It is surprising how little we know about our brains and how they work, despite centuries of studying this fascinating organ. What exactly makes understanding the brain so difficult?

Through experimental investigation and observation, scientists have obtained a reasonable understanding of how most organs function. This knowledge has been instrumental to our understanding of the basis of diseases that affect these organs and for guiding treatments to cure them. Take the heart, for example. Using physiological, anatomical and molecular methods, it has been possible to make hypotheses of how its blood-conduction system operates, and to test and verify these hypotheses through experimentation. Why has this approach not worked in the brain?

Brains are incredibly complex in terms of the number and diversity of cells they contain. Moreover, neurons in the brain form hundreds of connections with other neurons, and these connectivity patterns can span very distal areas of the brain. It is the activity of connected cellular ensembles in the brain that is thought to drive our actions, store our memories, produce our thoughts and help us perceive the world. But the 'code' behind this form of information storage remains largely a mystery.

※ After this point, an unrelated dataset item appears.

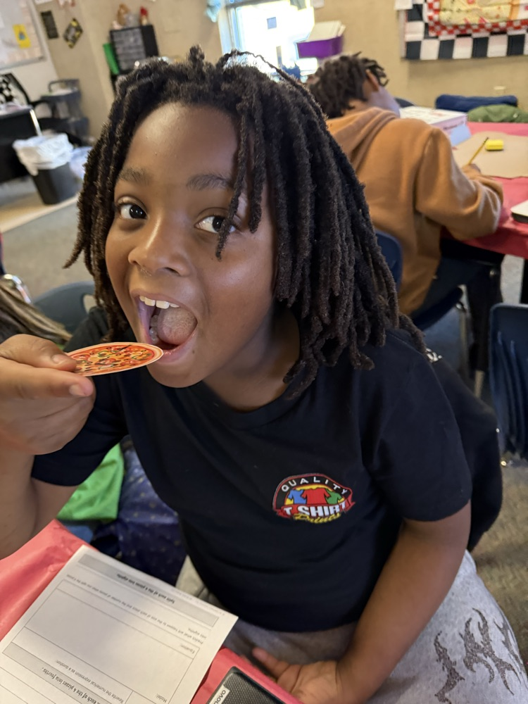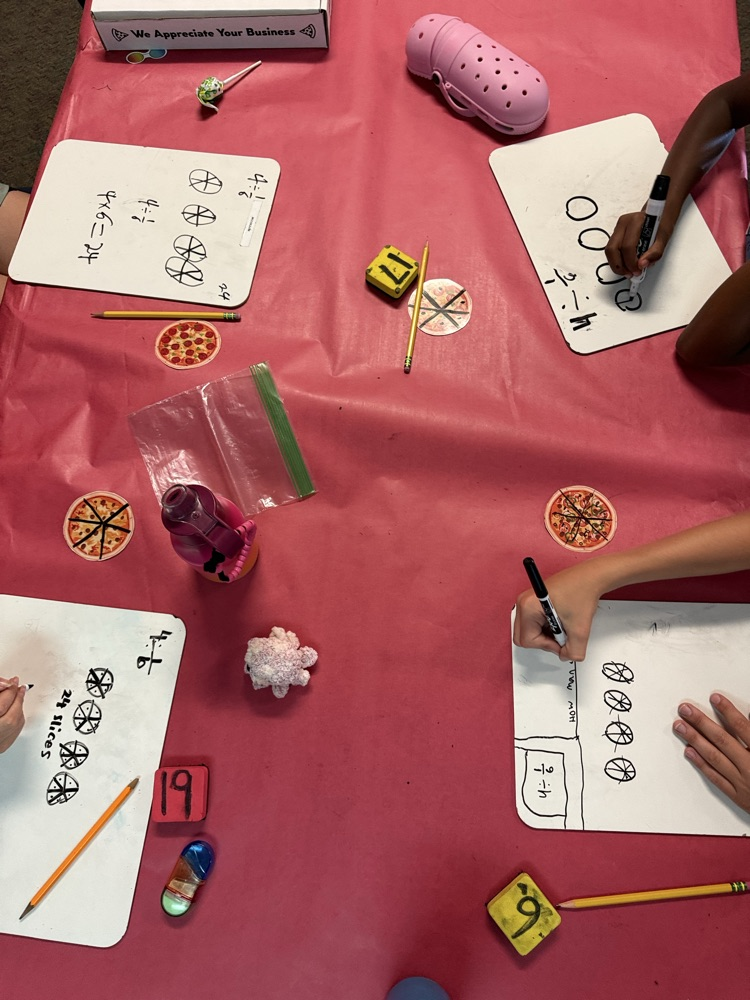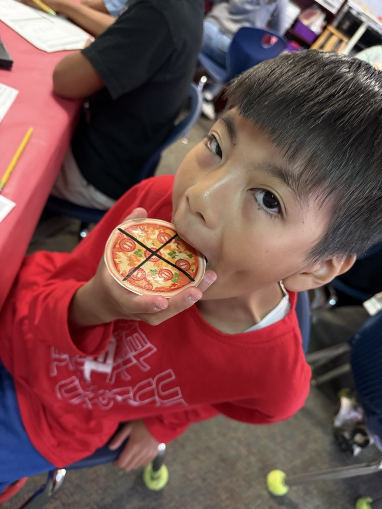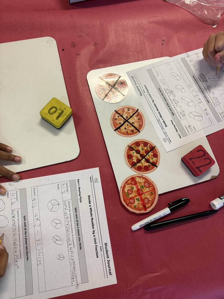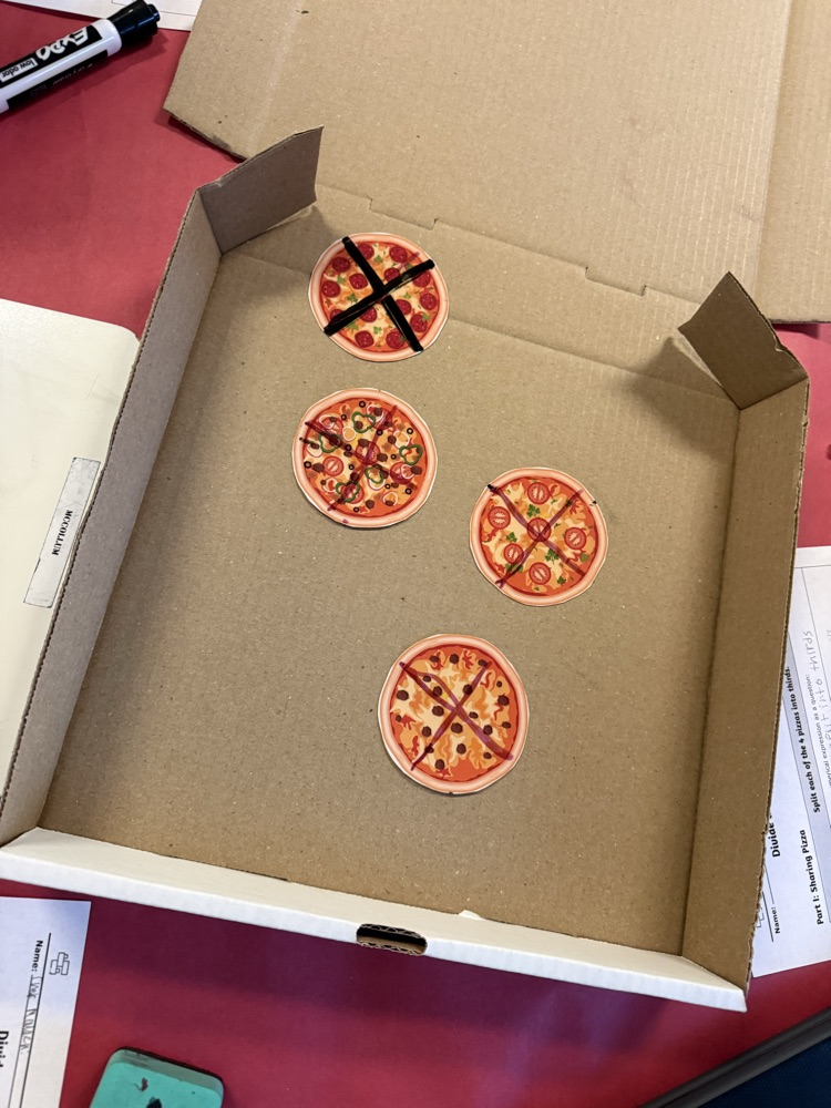 Today 5th grade kicked off Dividing Fractions by visiting the Riddle Pizzeria! They had a hands on experience dividing fractions and whole numbers!

Progress has been made, particularly in the last few decades, and certain well-studied circuits are well-understood and have led to valid functional models. However, this mechanistic knowledge is sparse and has not yet led to the types of general principles about how the brain codes information that could lead to a more global understanding of this organ's function. Both theorists and experimental neuroscientists increasingly agree that we need more data to improve our hypotheses about how brains store information and retrieve it. This requires a better understanding of the components of the brain (neurons, glia and blood vessels at the least), how these components communicate with each other, and how their activities relate to specific behaviors and stimuli.

For many years, the technologies available to neuroscientists did not allow for such investigations, but this is rapidly changing. The Allen Brain Atlas and the Rockefeller University Gensat projects, among others, compile growing collections of gene expression and neuroanatomical data that can be of help in starting to decipher the molecular identities of cells in the brain. Moreover, the methodology for imaging and tracing the connections of entire nervous systems at high resolution has now reached levels of automation and performance that will allow the mapping of portions of a mammalian brain or entire smaller brains at cellular resolution in a span of a few years, and techniques exist to add molecular information to those maps.

Relating this information to function and to specific behavioral states is a harder challenge, but progress, in this regard as well, is being made quickly. Using optical technologies, one can image the activity of almost all the neurons in a small, transparent brain such as that of a zebrafish larva near-simultaneously while the animal performs specific behaviors. The translation of these methods to mammalian brains, however, poses challenges, and new technology will be needed—requiring collaboration between neuroscientists, physicists, engineers and nanotechnologists. Although it might be hard to record activity from entire neural circuits in even a small mammalian brain in the next few decades, it is very likely that—informed by data from simpler organisms and through improved anatomical and molecular information—progress will be made in deriving general principles and hypotheses that can be directly tested in brains more similar to our own.

We are on the verge of embarking on a large initiative embraced by the US government with the aim of unveiling the mysteries of our minds, and as a result we will likely see a deluge of new data. But these data, once collected, will not magically produce the answers we seek. Instead, neuroscientists will be challenged to make sense of the information and to use it cleverly to elaborate better hypotheses and experimental approaches for direct testing. For this, they will need to work with mathematicians and statisticians to analyze and interpret the data and obtain input from theorists to help postulate testable hypotheses and models.

In this issue, we present a Focus on Mapping the Brain in which experts review the latest technologies for mapping the brain of different species at various scales and discuss critical considerations that will likely influence the success of this endeavor. It is also our hope that these pages will stimulate and inspire the development of new and better methods, theories and experiments to help answer this difficult and yet most fascinating of questions.